Exercise description: Would you please return the data below verbatim, without its pictures?
START Data records
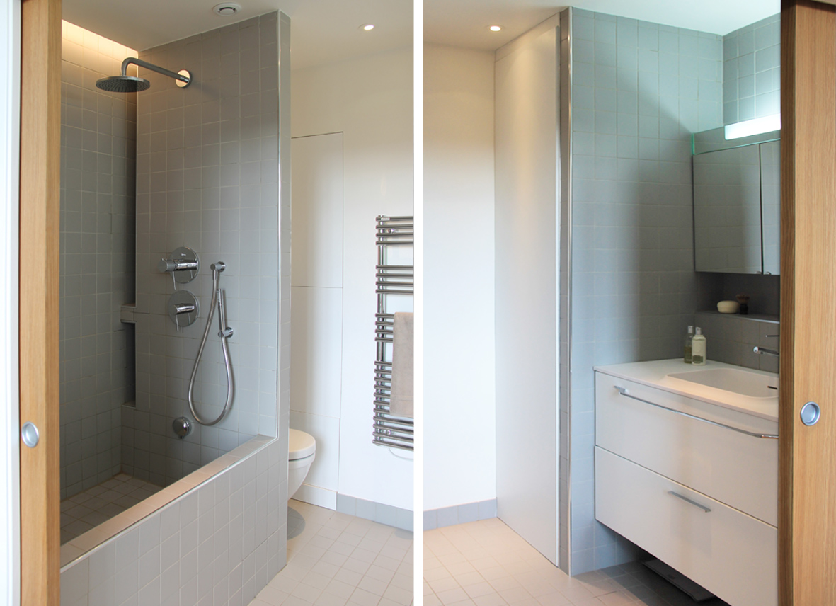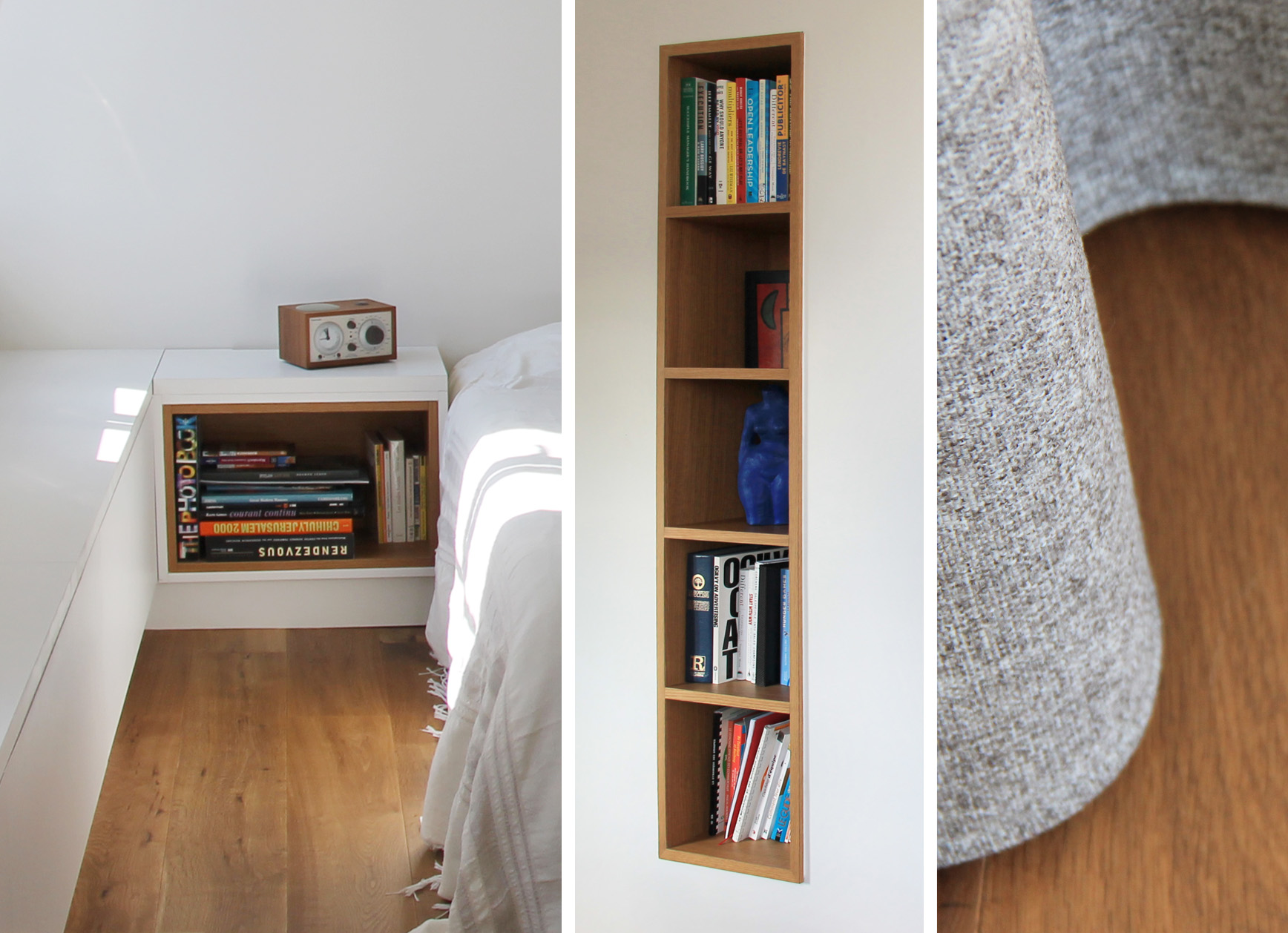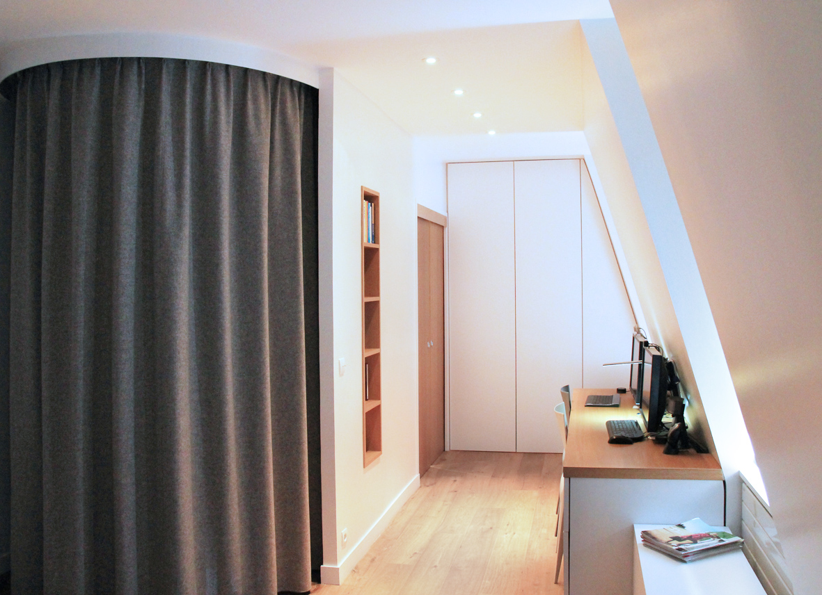 Isoler, ranger, optimiser et styliser, tel était le cahier des charges de la rénovation de cette suite parentale sous comble. En réponse, l’agence a proposé une salle de bains géométrique et épurée, des meubles intégrés et emboités, dans un confort douillet apporté par la chaleur du bois et la douceur d’un lourd rideau qui ferme la trémie d’escalier.
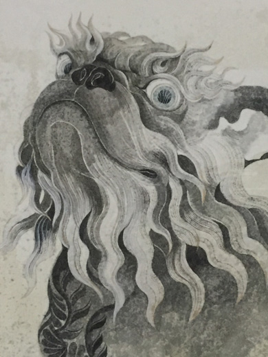 曄田依子氏の「獅子狛」シリーズの一作です。2013年にアメリカ・ポートランドで行われた 二人展、曄田依子×谷口朋栄「Stunning Beauty」Compound Galleryにて展示された作品です。 「現代の人間を描写したいと思った時、私は人を描くのではなく犬を描こうと決めた。人の歴史と同じだけ犬の歴史がある。先祖が生んだ狛犬と、現代人が造った愛玩犬。これらのねじれを縒り集め、現代に適応した獅子狛を描く。」(曄田氏のステイトメントより)
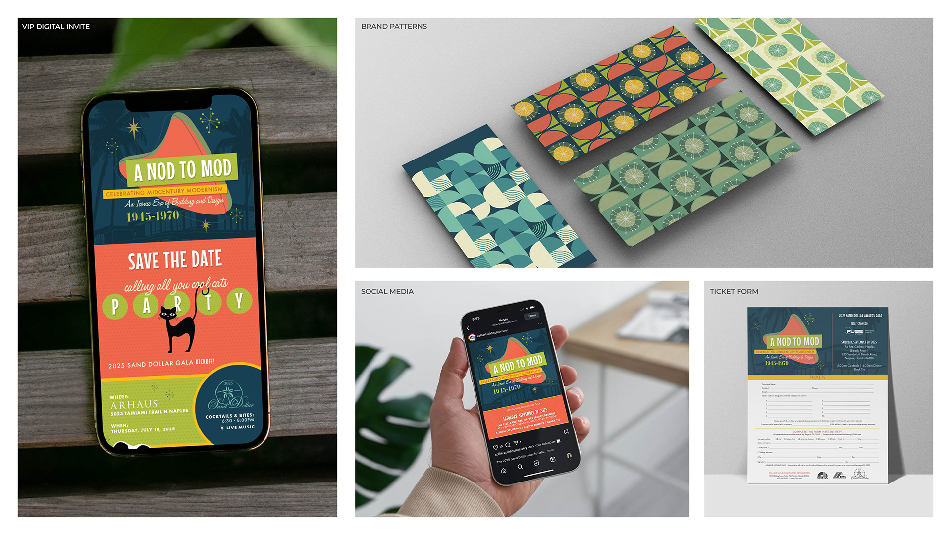 The theme resonated with CBIA’s design-forward audience and gave sponsors a strong visual system to align with. The final result is a cohesive brand experience that honors’ the legacy of design while setting a stylish tone for one of Southwest Florida’s most anticipated industry events.
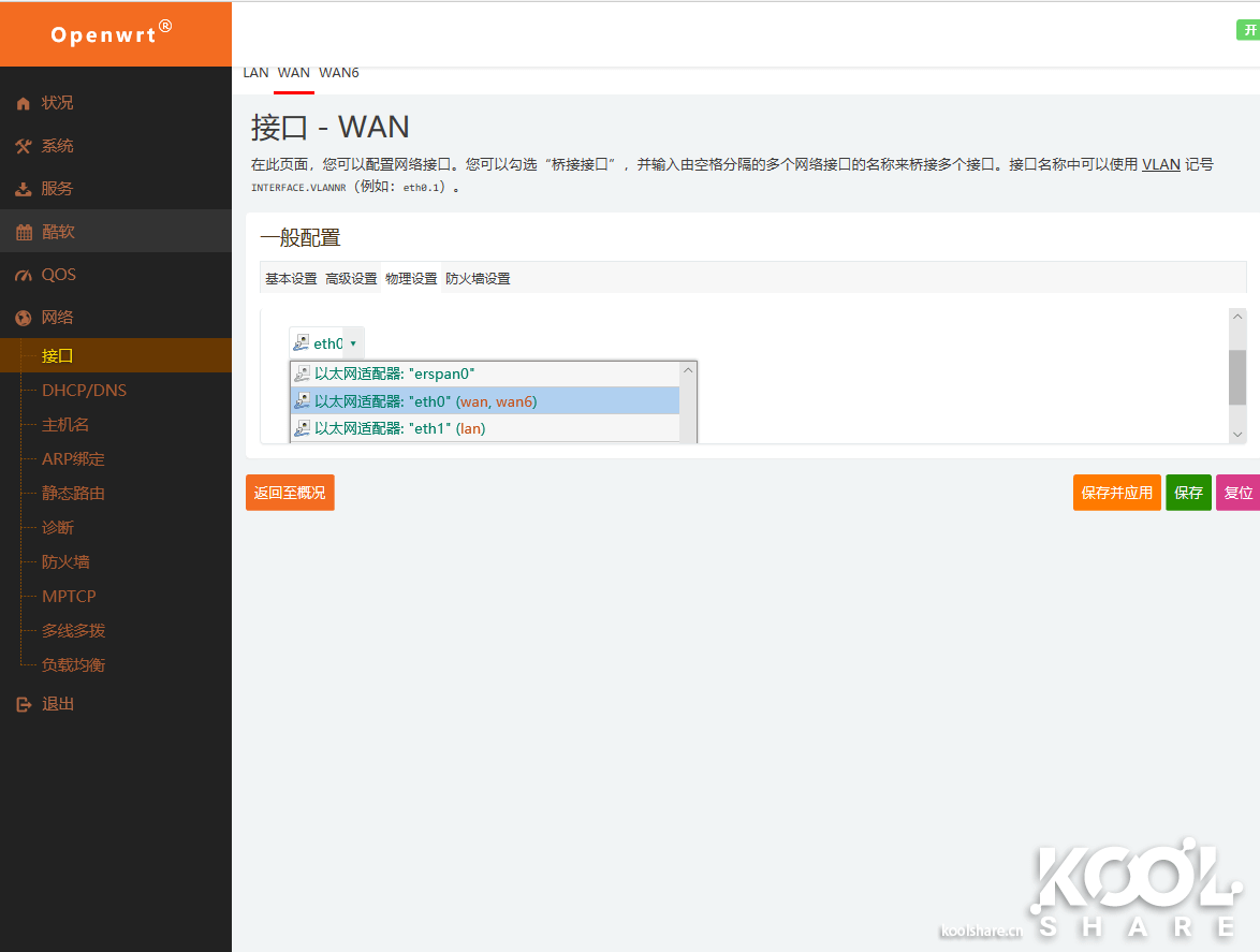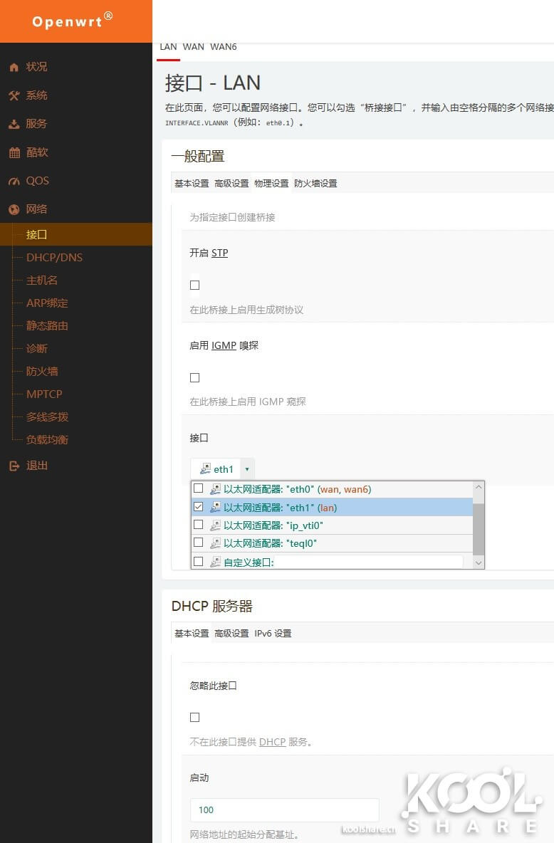 在LEDE内部,我将eth0分配给wan,eth1分配给lan
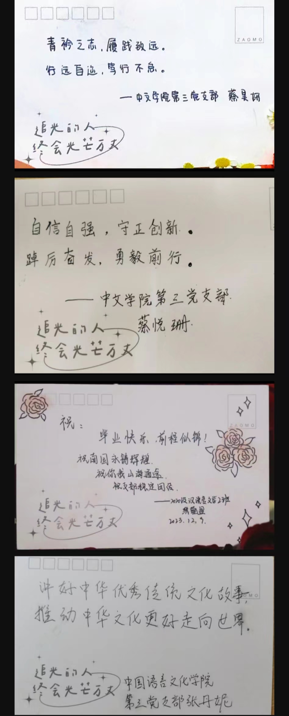 第三党支部部分毕业生党员在明信片中写下的心得。
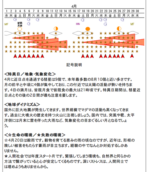 シャク暦を見る限りでは、今週の金曜日までは地震トリガー日(▲)には指定されておらず、今週末から下旬にかけてが要注意日となっています。
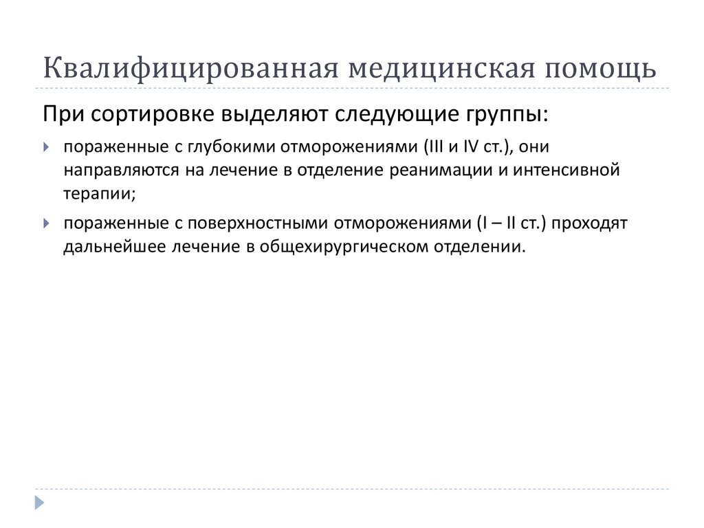 Квалифицированная медицинская помощьПри сортировке выделяют следующие группы:
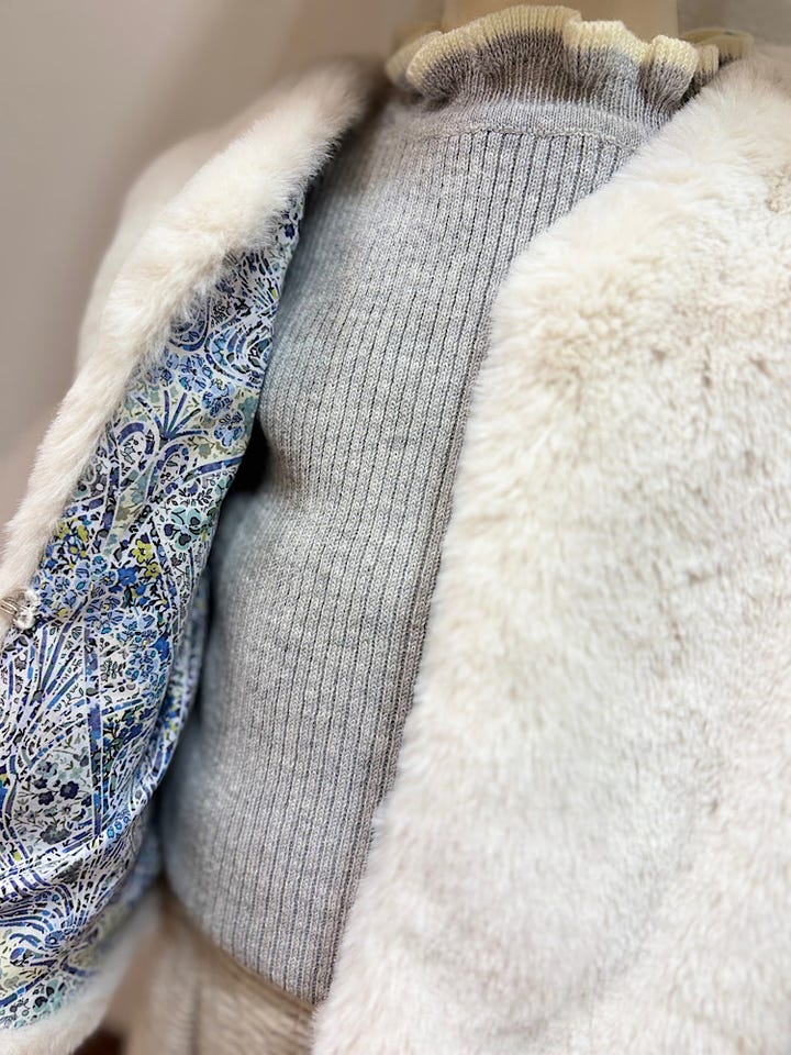 外側はフェイクファー、内側にはリバティ柄を使用したベストは、
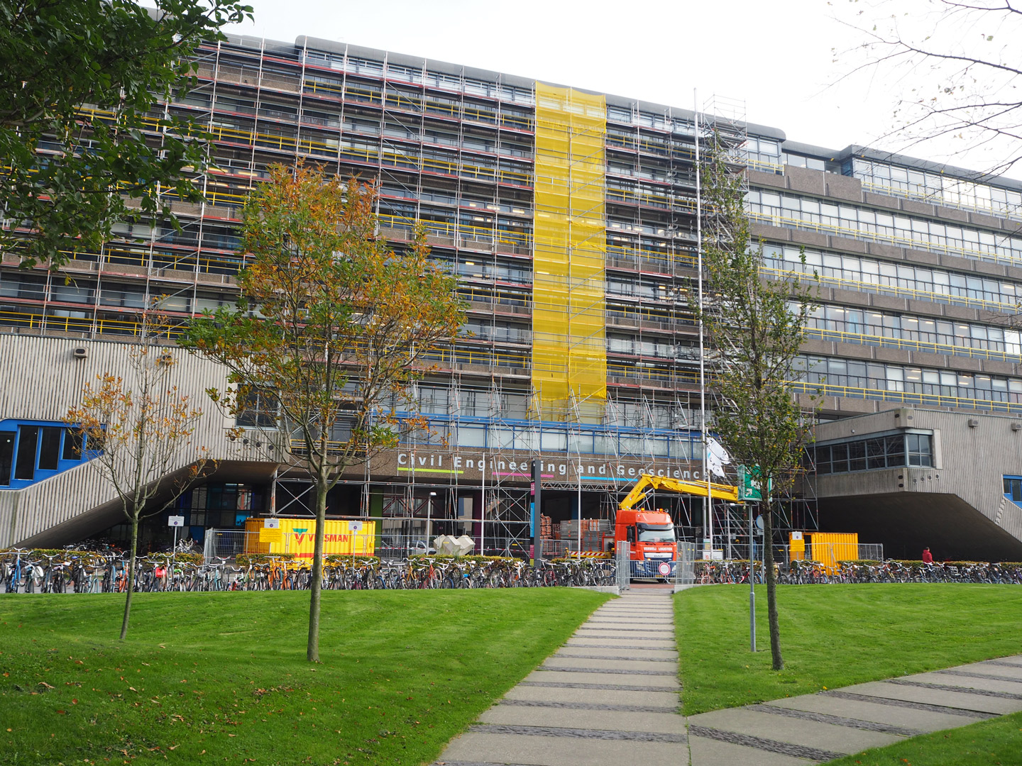 Tijdens een routinecontrole werden bij de faculteit Civiele Techniek en Geowetenschappen verhoogde concentraties legionellabacterien gevonden. (Foto: Katja Wijnands)
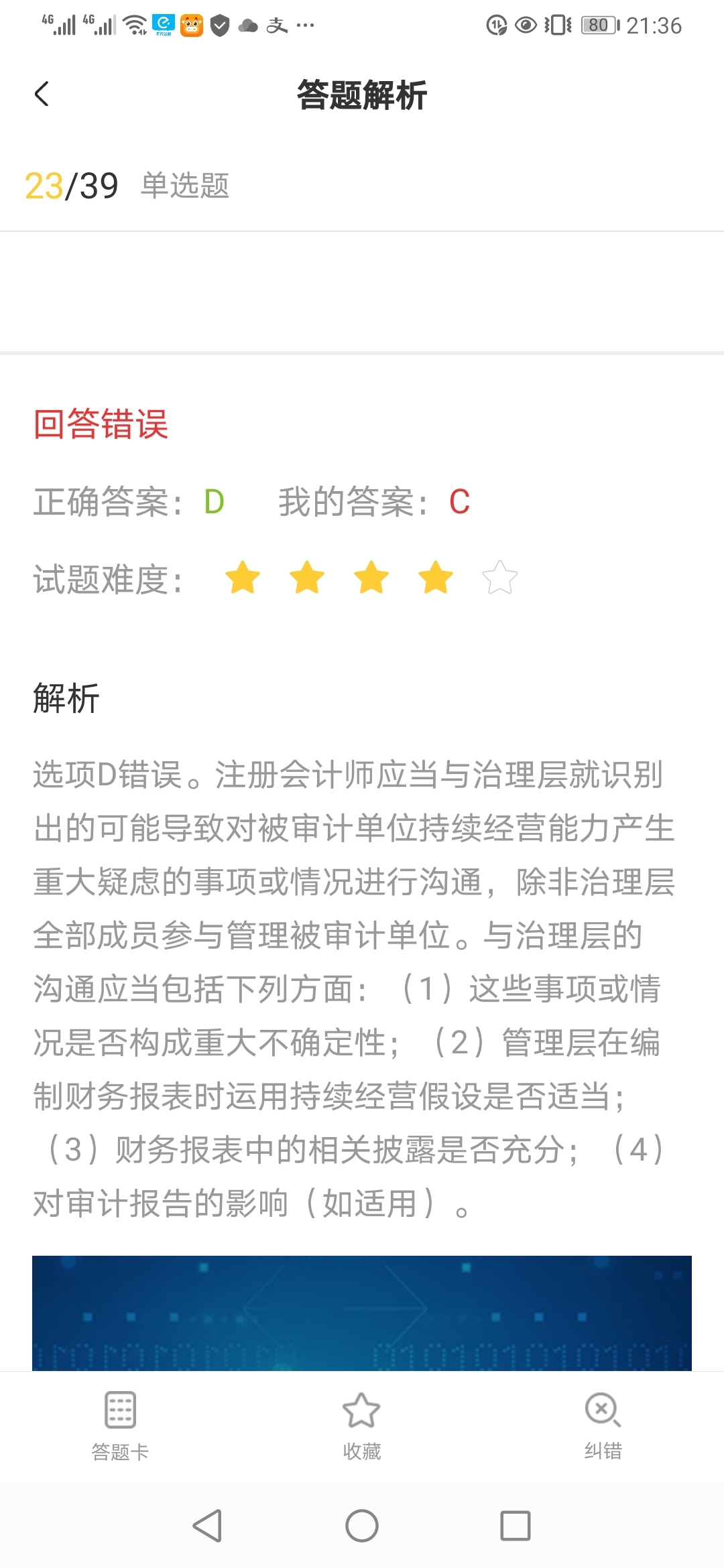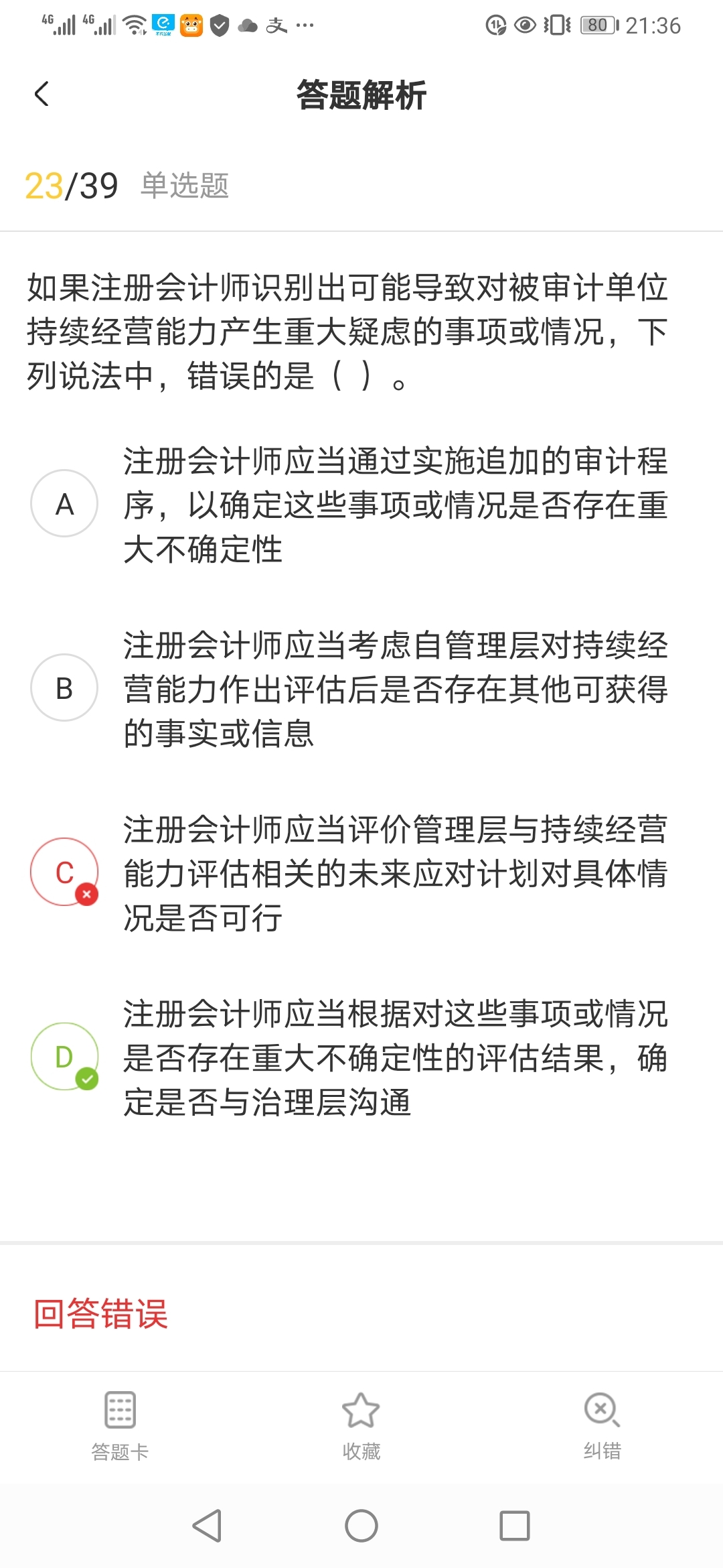 2. **與治理層溝通的重要性:** 在許多情況下,做出決策時需要考慮治理層的意見和指導(dǎo)。如果D選項沒有提到或者忽視了與治理層溝通的必要性,那么它可能因此被判為錯誤。
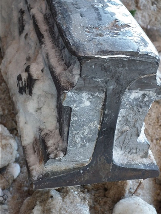 Partie ouest du joint isolant comprenant les éclisses brisées et le rail intact récupérés sur le lieu du déraillement
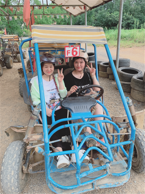 雖然薰衣草花海早就謝了,但我們?yōu)榱藠蕵讽?xiàng)目而來的,主要有山地卡丁車,碰碰船,滑草,騎馬,射箭,和“草泥馬”互動(dòng)。游園一圈下來意猶未盡,有些同學(xué)還善于制造笑點(diǎn),體會(huì)到了歡樂和輕松一刻。
END Data records
Response below:
 Isoler, ranger, optimiser et styliser, tel était le cahier des charges de la rénovation de cette suite parentale sous comble. En réponse, l’agence a proposé une salle de bains géométrique et épurée, des meubles intégrés et emboités, dans un confort douillet apporté par la chaleur du bois et la douceur d’un lourd rideau qui ferme la trémie d’escalier.
 曄田依子氏の「獅子狛」シリーズの一作です。2013年にアメリカ・ポートランドで行われた 二人展、曄田依子×谷口朋栄「Stunning Beauty」Compound Galleryにて展示された作品です。 「現代の人間を描写したいと思った時、私は人を描くのではなく犬を描こうと決めた。人の歴史と同じだけ犬の歴史がある。先祖が生んだ狛犬と、現代人が造った愛玩犬。これらのねじれを縒り集め、現代に適応した獅子狛を描く。」(曄田氏のステイトメントより)
 The theme resonated with CBIA’s design-forward audience and gave sponsors a strong visual system to align with. The final result is a cohesive brand experience that honors’ the legacy of design while setting a stylish tone for one of Southwest Florida’s most anticipated industry events.
 在LEDE内部,我将eth0分配给wan,eth1分配给lan
 第三党支部部分毕业生党员在明信片中写下的心得。
 シャク暦を見る限りでは、今週の金曜日までは地震トリガー日(▲)には指定されておらず、今週末から下旬にかけてが要注意日となっています。
 Квалифицированная медицинская помощьПри сортировке выделяют следующие группы:
 外側はフェイクファー、内側にはリバティ柄を使用したベストは、
 Tijdens een routinecontrole werden bij de faculteit Civiele Techniek en Geowetenschappen verhoogde concentraties legionellabacterien gevonden. (Foto: Katja Wijnands)
 2. **與治理層溝通的重要性:** 在許多情況下,做出決策時需要考慮治理層的意見和指導(dǎo)。如果D選項沒有提到或者忽視了與治理層溝通的必要性,那么它可能因此被判為錯誤。
 Partie ouest du joint isolant comprenant les éclisses brisées et le rail intact récupérés sur le lieu du déraillement
 雖然薰衣草花海早就謝了,但我們?yōu)榱藠蕵讽?xiàng)目而來的,主要有山地卡丁車,碰碰船,滑草,騎馬,射箭,和“草泥馬”互動(dòng)。游園一圈下來意猶未盡,有些同學(xué)還善于制造笑點(diǎn),體會(huì)到了歡樂和輕松一刻。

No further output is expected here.